This is my mom, Jane. This picture was taken at Studio One on Moi Avenue. If you were born after 1990 you probably don’t know how sanctified Studio One is, a time when you didn’t call yourself a photographer because you have an Instagram account. This picture was taken when my big sis was off to the UK, and because it was 1989 it just seemed right that we all took a family portrait, something to remember her by in case she met an odiero and decided to settle as a housewife in Yorkshire, engaging in high tea after a hard day tending to her bougainvillea garden.
You can see from this picture that mom struggled with that smile. She always did. And Tamms- named after her- is like that; always struggles to smile to the camera, and when she does it’s often a deceiving smile, offered only as a conciliatory gesture. There is a little of her in Tamms. There is a lot of Tamms in me. And even more of me in her. Which means there is a lot of Jane in me.
This is the only picture I have of her from back in the day, before Coronary Tuberculosis entered her heart and broke ours as a result. The rest of her happy pictures – taken in her healthy days– are back in shags, a place I have successfully avoided since her demise because it’s just not the same. It’s haunted. It’s like someone else’s home. Plus dad got himself a new wife (my nigga!) and as much as we are happy for him, as much as he doesn’t deserve to sit in that big empty house listening to the echo of my mom’s ghost in his dreams, it’s just hard to reconcile myself to this fact. During my pragmatic and rational days I try to see it for what it is; that he is only replacing his wife, not his mother.
Jane was the one with the sense of humour. She was the queen of hyperbole and ridiculous imagery. Even my officious dad, with his forest of humourless books about great men of African renaissance and African literature, would often laugh at her quips and heavily garnished yarns.
There was this time she was in HDU at Mater, one foot literally in the grave. Machines beeped and whirred all around her. Doctors came with their clipboards and grave expressions. When she (half) stared at me, I saw fear and a hint of tears in her eyes. And when she gestured to my sister and whispered her ATM pin number in her ears, I joked, “Oooh, OK, it’s like that now, it’s you guys against me now?” She mumbled with a creased smile, “It’s four digits, she can memorise it better.” (I was never good at math in school).
At that point I knew she wasn’t going to make it through the night; this was not in doubt when we left the hospital at 1am. Sure enough when my sister and I walked back into the HDU unit the next morning her bed was empty. My sister wobbled and held onto the bedpost to steady herself. (Girls!). I felt my hands immediately go cold, like I had accidentally touched my area MP.
Then this nurse walks over with a smile and says, “Madhe improved in the night and was transferred to the General Ward.” Here is the thing – do you know how sometimes you go back to where you thought you had parked your car but you don’t find it and get all panicky, very sure that kina Chege have finally come for it, only to realise that you had parked it elsewhere and when you finally see it, you want to hug it and tell it, “don’t you ever do that to me again Linda?” This was the feeling I had; I actually hugged that poor nurse.

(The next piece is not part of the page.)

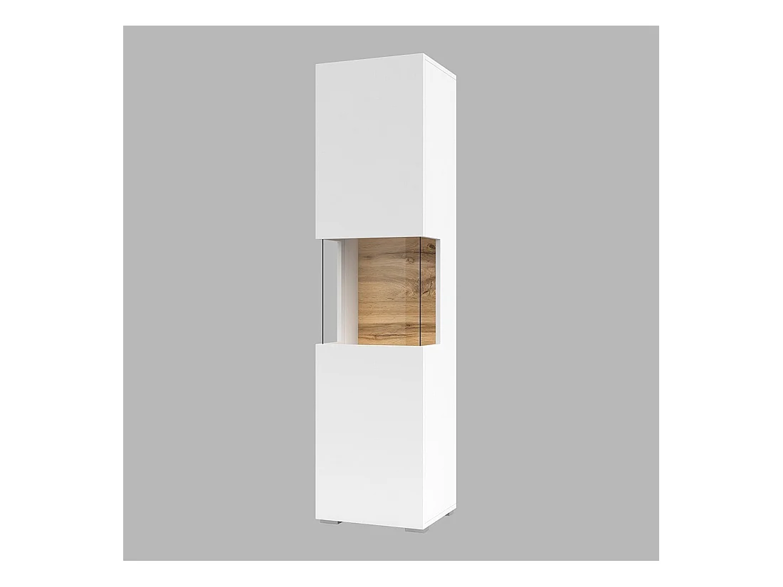 Vitrina 1 porta parcialmente envidraçada coleção EVA. Cor branca e carvalho.

Precisely today two years ago, at the time of posting this, she was in the hospital bed, hiccupping. It was a Sunday. Her blood pressure was dropping faster than that cartoon figure in the opening scene of Mad Men. My grandmother, sitting near her deathbed, held her hand, but knew that this was it. She had buried many sons and daughters and grandchildren and friends, death was beyond sneaking up on her. She says mum gasped at the end. My other aunt who was there says she turned her head away, as if embarrassed at having to go. Another relative said she just stopped breathing. I wonder what really happened: What was the last thing she thought about when she felt death drawing the curtains on her heart? Was she fearful? Did she silently recite a verse? Did she wonder where the hell we were? Did she feel lonely? I wonder. I always wonder.
After two years the grass is slowly growing in the footprints that her departure left behind. Exactly a few days from now, two years ago, I was standing at Aga Khan Hospital Kisumu, staring at Jane lying on the cold slab of the morgue drawers, a vein running down the left side of her face and my big sister touching her cold forehead and literally breaking down like a sand statue hit by a wave.
If your mother is alive you don’t know just how lucky you are. Go see her on Mother’s Day and tell her you appreciate her. Yes, even if you’re gangsta. Especially if you are gangsta. You have the time now, but you don’t have it forever. So go ahead and tell her. It will burn her heart with love.
So what if you mom lives far away – in Kisumu, Mombasa or Nairobi – hop into a JamboJet with the rest of yuppies taking pictures of the plane’s wings with their tabs (by the way, JamboJet have a new Mother’s Day promotion: Sh1, 850 one-way!) and go see mom. You can carry the world to her, but the only luggage that will make the biggest impression is your hug.
Go because you just won’t believe how little time you have with your mother. In fact, it will shock you just how little
time we all have together.
Happy Second Anniversary, Jane. The candle still burns.